Conferencia General Octubre 1970
El Arrepentimiento Nos Hace Libres
por el Élder Hartman Rector, Jr.
Del Primer Consejo de los Setenta
El hombre es un espíritu que vive en una casa de arcilla llamada cuerpo físico. Esta combinación de espíritu y cuerpo se llama alma viviente.
Los cuerpos físicos están hechos de carne y hueso, por lo tanto, tienen forma y figura tangible y son fáciles de ver, sentir y reconocer. El espíritu también tiene una forma y figura definida, pero no tiene carne y hueso y, por ende, no es fácil para los mortales verlo, sentirlo y reconocerlo.
El espíritu y el cuerpo
Las Escrituras nos dicen que el espíritu y el cuerpo en el cual vive son muy, muy parecidos y que, de hecho, están hechos a la imagen y semejanza de Dios (Génesis 1:26).
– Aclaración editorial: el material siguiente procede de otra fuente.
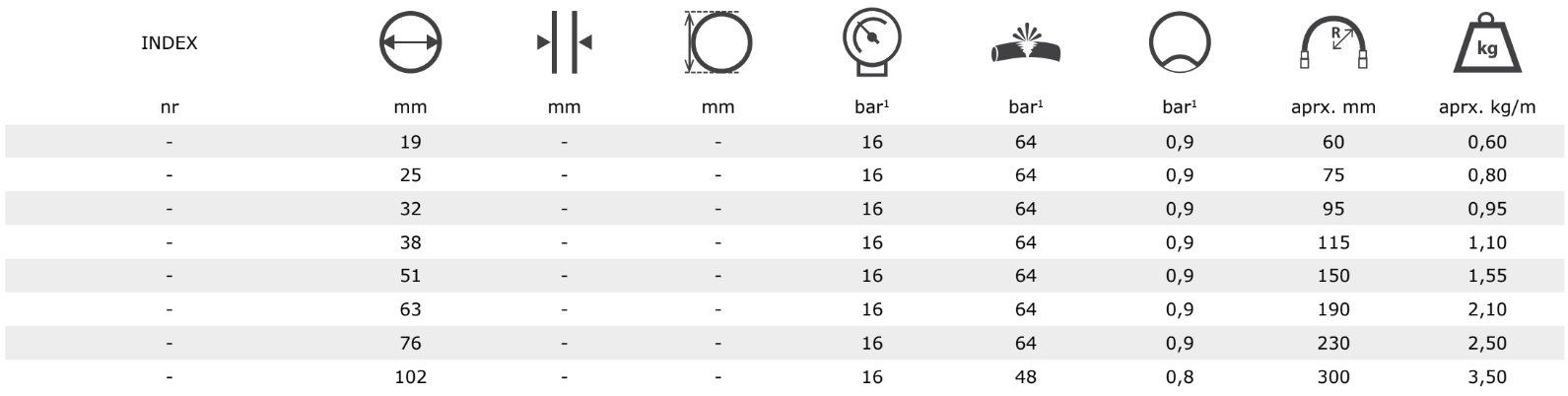 abrasion resistant. Fabric impression - Working pressure up to: 16 bar

La palabra «vida» significa que el espíritu está en casa en el cuerpo físico. La «muerte», en cambio, significa que el espíritu ha abandonado el cuerpo físico. Cuando ocurre la muerte o cuando el espíritu deja el cuerpo físico, el cuerpo se descompone y vuelve al polvo de donde vino. Sin embargo, el espíritu continúa existiendo en otro ámbito llamado «el mundo de los espíritus» y aún conserva su forma, figura e identidad.
La resurrección es un proceso mediante el cual, después de la muerte, el espíritu regresa y se reúne con el cuerpo y se convierten nuevamente en un alma viviente e inmortal, siendo inmortal lo que no está sujeto a muerte o separación. Creo que es principalmente el espíritu el que ve, oye, siente, conoce la pasión y el deseo; es el espíritu el que se vuelve adicto a las drogas, a los malos hábitos y a los deseos malvados. No es solo el cuerpo físico el que se vuelve adicto, sino también el espíritu, que, por supuesto, es el verdadero “tú y yo”. Somos espíritus, así como Dios es un espíritu.
Sujeción del espíritu
A veces nos disculpamos a nosotros mismos cuando hacemos lo que no deberíamos hacer o cuando no logramos lo que deberíamos haber hecho. Usamos expresiones como: “¡Oh! El espíritu está dispuesto, pero la carne es débil”. Con tales racionalizaciones insinuamos que es completamente culpa de nuestro cuerpo físico que pequemos. En mi opinión, esto no es cierto. Creo que el cuerpo físico es una parte muy fuerte de nosotros y nos es de gran beneficio. Entre otras razones, nos fue dado para ayudarnos a superar nuestras adicciones, malos hábitos y deseos malvados. El cuerpo es muy obediente; generalmente hablando, hará exactamente lo que el espíritu le diga que haga. Por lo tanto, no estamos luchando contra el cuerpo físico; es el espíritu el que debemos someter.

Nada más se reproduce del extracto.